The next scheduled milestone in the case is a March 19 hearing on the disclosure statement that Lake at Las Vegas Joint Venture and its affiliates have prepared for their proposed Chapter 11 reorganization plan.

If and when Judge Linda B. Riegle of the U.S. Bankruptcy Court for Nevada approves the disclosure statement, the next step will be a creditors’ vote on the Chapter 11 reorganization.

In its proposed disclosure statement, Lake at Las Vegas Joint Venture paints its Chapter 11 plan as essential to resolving the issues related to the T-16 local improvement district.

“The conversion to Chapter 7 would be detrimental to the community and virtually all of the debtors’ creditors,” the statement says. The statement lists eight adverse consequences to a Chapter 7 filing, one of which is that “debtors cease paying LID assessments and property taxes, potentially triggering a default on the LID bonds and the potential collapse of the LID financing arrangements.”

The unrated T-16 bonds trade fairly thinly. A block of the final maturity, 2025 term bonds, changed hands in October at 37 cents on the dollar, MSRB data shows. There was some trade activity on the 2016 maturity in July 2008, around the time of the bankruptcy filing, at about 72 cents.

Under the reorganization plan, there would be up $15 million in loan financing to complete the T-16 district, though there are separate arguments before the court over who would be entitled to receive reimbursement from Henderson.
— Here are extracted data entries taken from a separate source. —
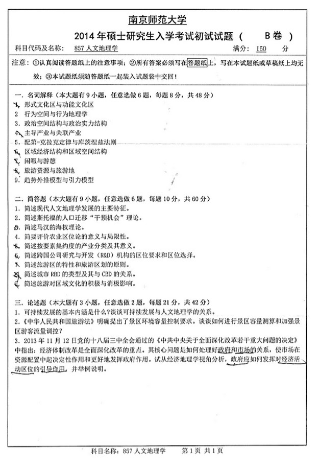 南京师范大学地理科学学院人文地理学历年半岛在线注册真题汇编(9)
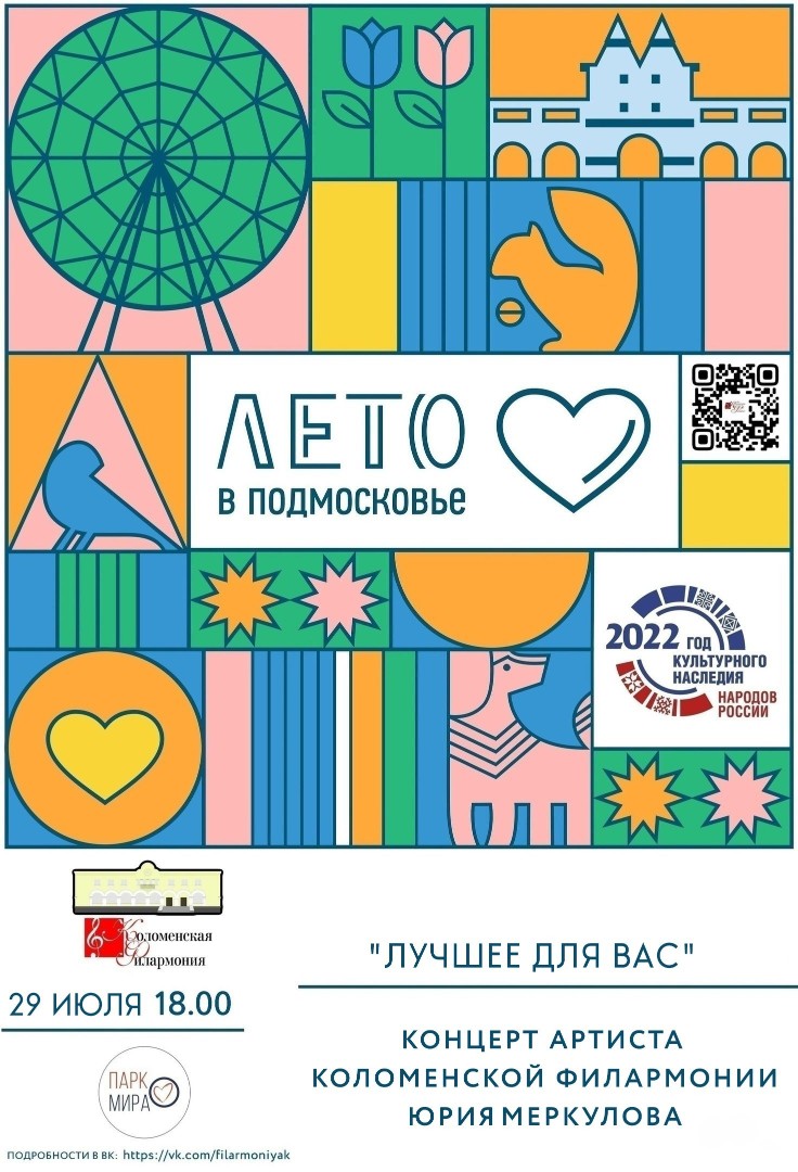 29 июля в 18.00 ч. состоится концерт артиста Коломенской филармонии Юрия Меркулова. Юрия давно полюбила коломенская публика за его профессионализм и душевное исполнение музыкальных произведений. Голос артиста стал визитной карточкой городских мероприятий.
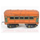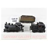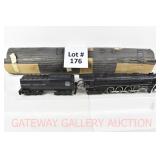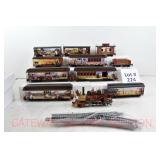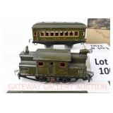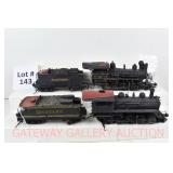 2 MARX O GAUGE: #1 William Crooks w/Tales of Wells Fargo Tender, 1st Division St. Paul & Pacific Tender, 1 Baggage, 3 Coach (All Stacks Missing, Roofs Scratched, 45 Caboose

The case is further complicated by larger allegations about Credit Suisse’s role, not only in the Lake Las Vegas development, but also in financing a series of resort developments in the west that went belly-up in the recession, including Club Yellowstone in Montana and the Tamarack ski resort in Idaho. Opponents of the reorganization plan argue, essentially, that Credit Suisse set up the Lake Las Vegas developer to fail by loading it up with loans it couldn’t possibly repay.

According to the proposed reorganization plan, the former owners of the Lake Las Vegas developers, Transcontinental Properties, borrowed $560 million in 2004, and used the proceeds to make $470 million in cash distributions to themselves.

Creditor Carmel Land & Cattle Co., in its formal objection to the disclosure statement, said that in the Club Yellowstone case, the bankruptcy judge in Montana subordinated $232 million of Credit Suisse’s secured claims to those of unsecured creditors, because of the Swiss bank’s conduct in setting up the loan.

In accepting the proposed Chapter 11 reorganization plan, creditors would be asked to settle their claims against Credit Suisse, with general unsecured creditors getting about a 4.5% distribution on their claims. If they don’t, they are likely to end up with nothing after the $127 million debtor-in-possession financing is repaid, the disclosure statement argues.

As the court case drags on, conditions appear to be deteriorating at Lake Las Vegas itself. Only one of the three golf courses still operates. Earlier this month, the owners of the Ritz-Carlton at Lake Las Vegas, one of three hotels at the resort, announced it would close in early May.

The hotel facility itself is owned by a subsidiary of Deutsche Bank after a foreclosure. Ritz-Carlton said the bank was not willing to fund continued operating losses, according to published reports.

Soon after the Ritz-Carlton announcement, the only casino at Lake Las Vegas, Casino MonteLago, announced that it would close in March.